Pseudogenes are transcribed only if they are integrated close to a pre-existing promoter [12]. Estimates of the number of transcribed pseudogenes suggest that as many as one fifth of the pseudogenes may be transcribed into RNA [12], with processed pseudogenes tending to be transcribed more often than duplicated pseudogenes [21]. Interestingly, several pseudogenes exhibit tissue specific patterns of transcription [18]. Pseudogene RNA levels can also change during differentiation [22] and in diseases such as cancer [23,24] and diabetes [25]. Although pseudogenes are considered to be evolving neutrally, there are many evidences of evolutionary conservation [26,27]. Moreover, pseudogenes with higher levels of evolutionary constraints show greater tendency towards being transcribed [28]. The findings that some pseudogenes have evolved under positive selective pressure and their transcripts can occur in a dynamic and tissue specific manner suggest that they may have an important role.

Characterizing the pseudogenes and understanding their regulatory role is essential to discover the genetic background of many diseases and to identify new pharmacological treatments. Moreover, the correct identification of pseudogenes is important also for gene annotation. Indeed, the prevalence of pseudogenes in mammalian genomes can introduce artifacts in automatic gene annotation pipelines in which pseudogenes are often mistakenly annotated as genes [12,44]. This is due to the high sequence similarity of pseudogenes with their parental genes.

1.2 Aims of the research

Protein sequence similarity to parent gene is the main feature used to detect pseudogenes, because it is deemed the most sensitive indicator [30,31]. In spite of this, we developed a methodology that is based on raw nucleotide identity (DNA sequence similarity) with the coding sequence (CDS) of the corresponding gene and on its transition probabilities. The coding sequence is the portion of the gene that remains in the mature messenger RNA after the splicing and, therefore, it is the portion that is actually translated into protein. It is composed by the exons. Once identified a putative pseudogene, we analyzed both the upstream (before the pseudogene 5’ extreme) and the downstream (beyond the pseudogene 3’ extreme) regions in order to find out biologically interesting features. In particular, we searched for a CpG island and promoter signals in the upstream region. Dinucleotide clusters of CpG, or CpG islands, are present in the promoters and in the exons of ~40% of mammalian genes. However, the abundance of CpG dinucleotides in the human DNA is much lower than expected based on the CG content because CpG dinucleotides, outside the promoters and the exons, are largely methylated. The low occurrence of CpG islands outside these regions is due to the fact that methylated cytosines are mutational hotspots and, as a consequence, they are depleted by natural selection [45,46]. The downstream region, instead, was analyzed in order to detect the presence of a polyA tail and, when a polyA tail was found, a polyadenylation signal was searched for. The polyadenylation signal (typically AAUAAA) is a binding site on the messenger RNA where polyadenylation starts. Moreover, we implemented the Gibbs sampling algorithm with the aim of finding a common motif in the upstream regions containing a CpG island [32,33].

1.3 Main results

In this paper we considered 11 genes and searched for their processed pseudogenes. Five of these genes belong to the ribosomal protein family, which is the family with the highest number of processed pseudogenes [19]. Other six genes are known for their pseudogene mediated expression regulation or for their involvement in cancer disease.

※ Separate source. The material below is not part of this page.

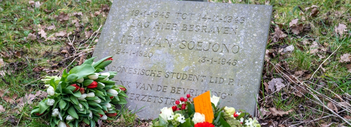 To mark its 75th anniversary, the Netherlands War Graves Foundation is publishing a portrait of a war victim every week this year. On 24 January the drawing of Irawan Soejono, a Leiden student and Indonesian resistance member, was unveiled at the Groenesteeg cemetery in Leiden, the place where Soejono was briefly buried after his death.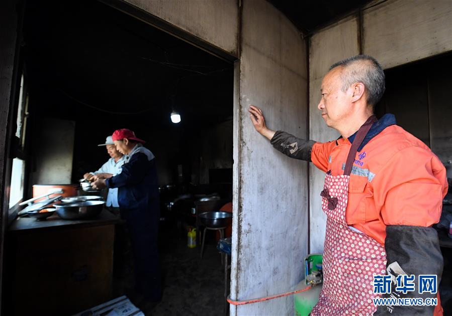 營地廚師楊云明在一旁看工友們?nèi)〔停?月16日攝)。因為營地僅有一個廚師,來自四川的楊云明自開工以來一直工作生活在營地里。新華社記者宋彥樺攝

The proposed algorithm was able to detect 110 of 121 pseudogenes annotated by Ensembl for these 11 genes. Moreover, it detected four loci not reported by Ensembl, but reported by UCSC, two new potential pseudogene loci reported neither by Ensembl nor by UCSC and three duplicated sequences for three distinct pseudogenes. Though the algorithm did not capture all the annotated pseudogenes, it seems to be an efficacious solution to detect new potential loci, especially when the query coverage of the alignment is shorter than the coding sequence. These loci can be classified to pseudogene fragments.

The downstream regions of the detected pseudogenes were analyzed in order to find polyA tails. We found a polyA tail for 48 pseudogenes and a polyadenylation signal for 13 of them. These numbers are coherent with known data. Literature reports that a polyA tail is present in about 45-50% of the cases [19].

CpG islands of different lengths and at different distances from the pseudogenes were detected in 16 upstream regions. We didn’t find any motif in the upstream regions probably because a bigger set of sequences is needed by the Gibbs sampling algorithm. However, we executed the algorithm on the flanking regions of some pseudogenes and the results showed an interesting similarity between the flanking regions of some of them. These similarities were confirmed also by alignments of the regions.

1.4 Conclusion and prospects

The complex and not yet elucidated system of interrelations between parental gene mRNAs and pseudogenes transcripts could give reasons for the complexity of vertebrates beyond their genome sizes [29]. Moreover, the comprehension of these mechanisms could bring to light new treatments for many diseases, from cancer to diabetes.

Detection of pseudogenes based on raw nucleotide identity should be applied also for the duplicated pseudogenes. These are longer than processed pseudogenes because they include also introns but, unlike processed pseudogenes, they usually lie in the vicinity of their parental genes and, therefore, their detection does not need the scanning of the entire genome [12].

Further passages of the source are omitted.